The Supreme Court handed down a decision this morning on a campaign finance case out of Arizona. It probably won’t get as much attention as the one striking down a California law that bans the sale of violent video games to minors. But it should because it is yet another example of the incoherence, as Richard Hasen has written, of the Court’s recent jurisprudence in the area of campaign finance law. More importantly, it signals the Court’s continued willingness to allow moneyed interests to tilt the electoral playing field to their advantage.
The Arizona law in question is a system of voluntary public funding for state elections. If a candidate opts into the public funding system, he/she is given a certain amount of money to campaign with and cannot raise any additional money. However, if that candidate’s privately funded opponent or independent expenditure groups opposed to his/her candidacy spend more than the initial allotment of funding he/she received, the candidate may receive funds to match the spending by opposition forces.
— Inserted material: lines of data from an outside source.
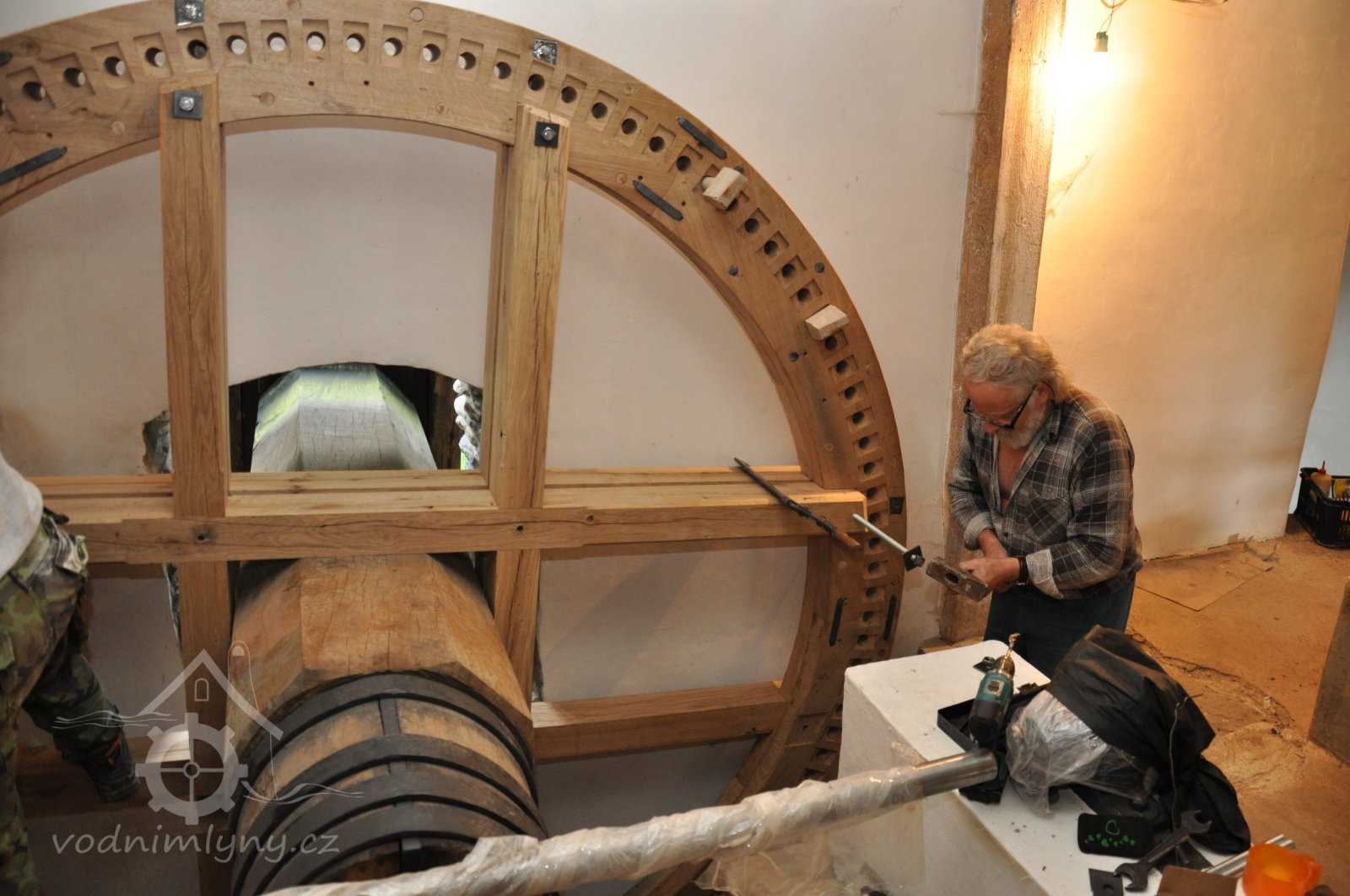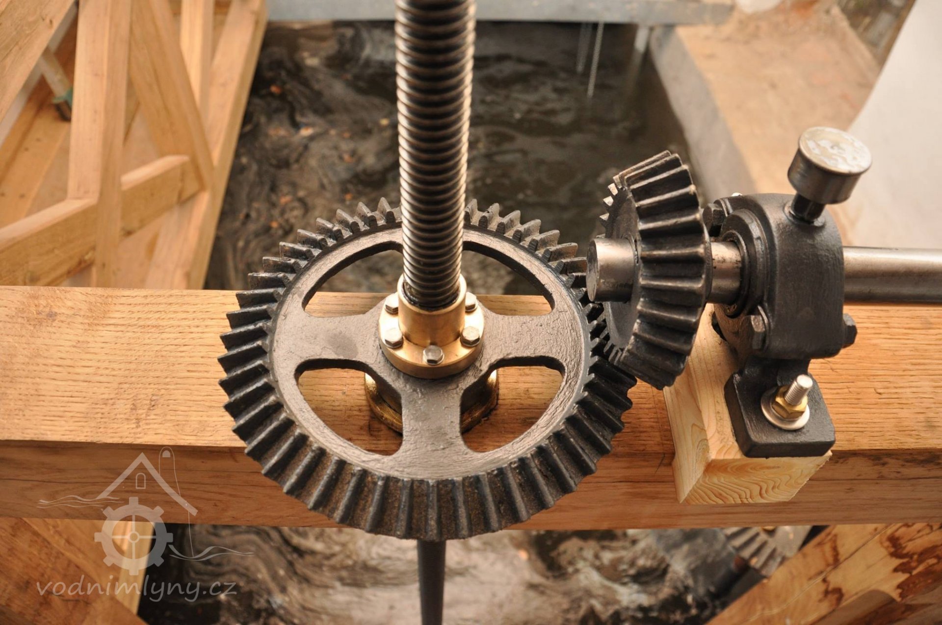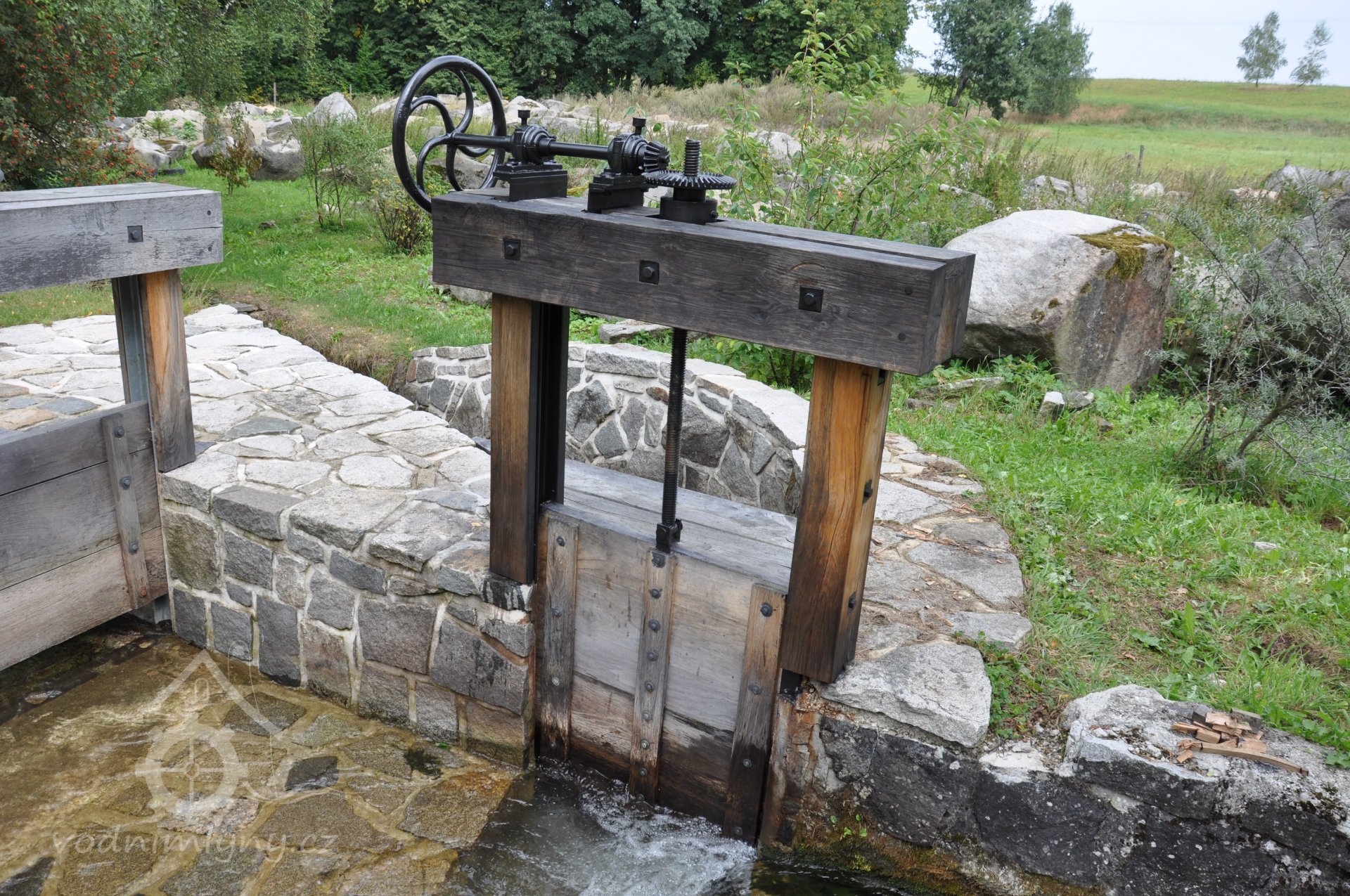 PopisObnovené vodní kolo na vrchní vodu.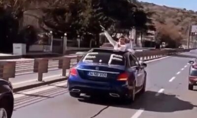 SARIYER’de düğün konvoyunda gelin, aracın açılır tavanından çıkarak silahla havaya ateş etti. O anlar cep telefonu kamerasıyla görüntülendi. Olay, dün saat 12.30 sıralarında Sarıyer Hacıosman Yolu’nda...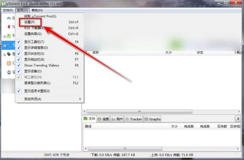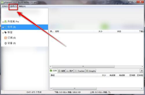 Step 1: In the uTorrent window, click "Options" on the menu bar.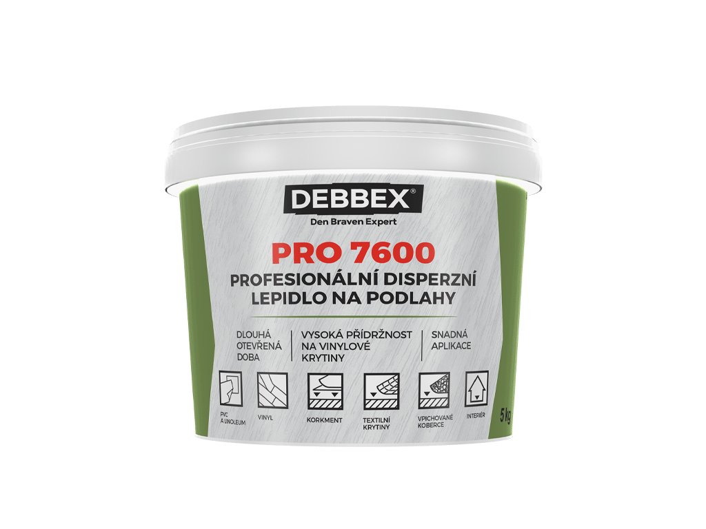 Profesionální bezrozpouštědlové podlahové lepidlo, na bázi disperze. Vytváří trvale pevný, elastický spoj. Okamžitě a snadno použitelné, lehce roztíratelné. Vysoká přilnavost k savým materiálům. K lepení podlahových krytin na savý podklad. Použití: lepení vinylových dílců, koberce (podélné vlákno), vpichované koberce (kolmé vlákno), homogenní PVC, korek, PVC na pěnovce, PVC s filcem, CV krytina, linoleum, lepení krytin i na svislé stěny (PVC), na betonové podklady, nivelační hmoty, minerální podklady, dřevotřískové a cementotřískové desky, lze použít i překližky, polystyren či polyuretan.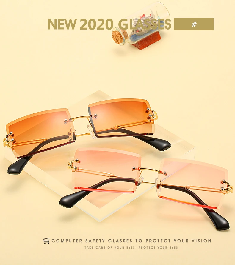 Модные маленькие прямоугольные Солнцезащитные очки женские Квадратные Солнцезащитные очки без оправы 2022 Летние Стильные женские солнцезащитные очки uv400 зеленые коричневые
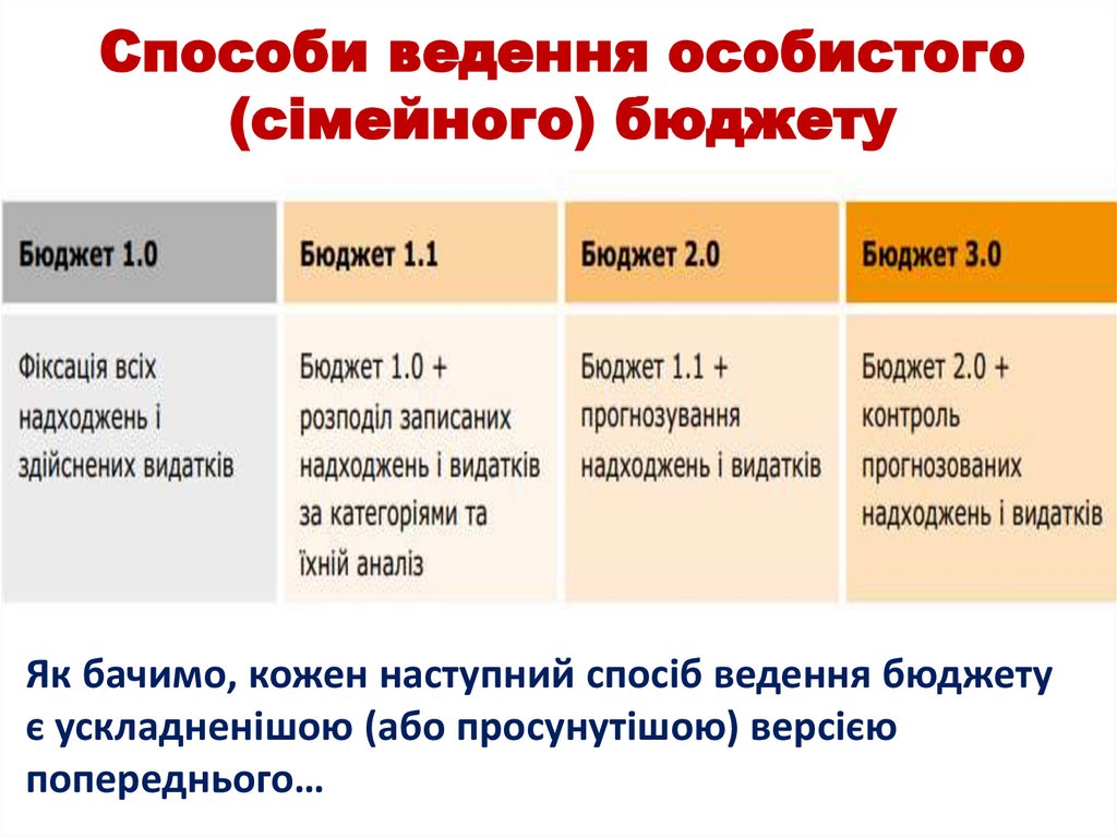 Як бачимо, кожен наступний спосіб ведення бюджету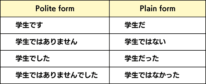 - The plain form is often used among friends and family members, while the polite form is often used in business settings or other formal situations.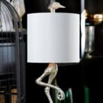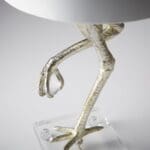 A long-legged ibis is the stunning centerpiece of this decorative table lamp. Beautiful in any space, this lamp features a cool silver-leaf finish over detailed resin construction. A white satin drum shade creates an inviting illumination for a favorite sitting area. This charming bird holds a crystal sphere in its talon, and rests on a acrylic base that delivers a touch of luxurious flair.

A handful of privately funded candidates and two independent groups sued the state of Arizona claiming that the law “unconstitutionally penalized their speech and burdened their ability to fully exercise their First Amendment rights.” You read that correctly. By giving public financed candidates additional money to make their case against wealthy privately funded candidates, the state was infringing on the wealthy candidates’ free speech rights.
By a 5-4 majority, the Supreme Court agreed with the plaintiffs and struck down Arizona’s matching fund provision. This is the same majority who, in the Citizens United case, argued (to quote Justice Kennedy) that “it is our law and our tradition that more speech, not less, is the governing rule.” That decision, as most of you know, opened the floodgates to corporate (and union) spending in elections.
So the principle seems to be the following: When the wealthy want to spend more on campaigns, it’s an infringement on their First Amendment rights not to let them do so; and when the non-wealthy opponents of the wealthy want to spend more on campaigns, it’s an infringement on the First Amendment rights of the wealthy to let them do so. Put another way, more spending equals more speech, but only when it’s the wealthy doing the spending.
If you think that democracy requires competitive elections and that competitive elections, in turn, require at least the pretense of a level playing field, you should be very worried about what this Supreme Court majority has been doing to campaign finance regulation in recent years.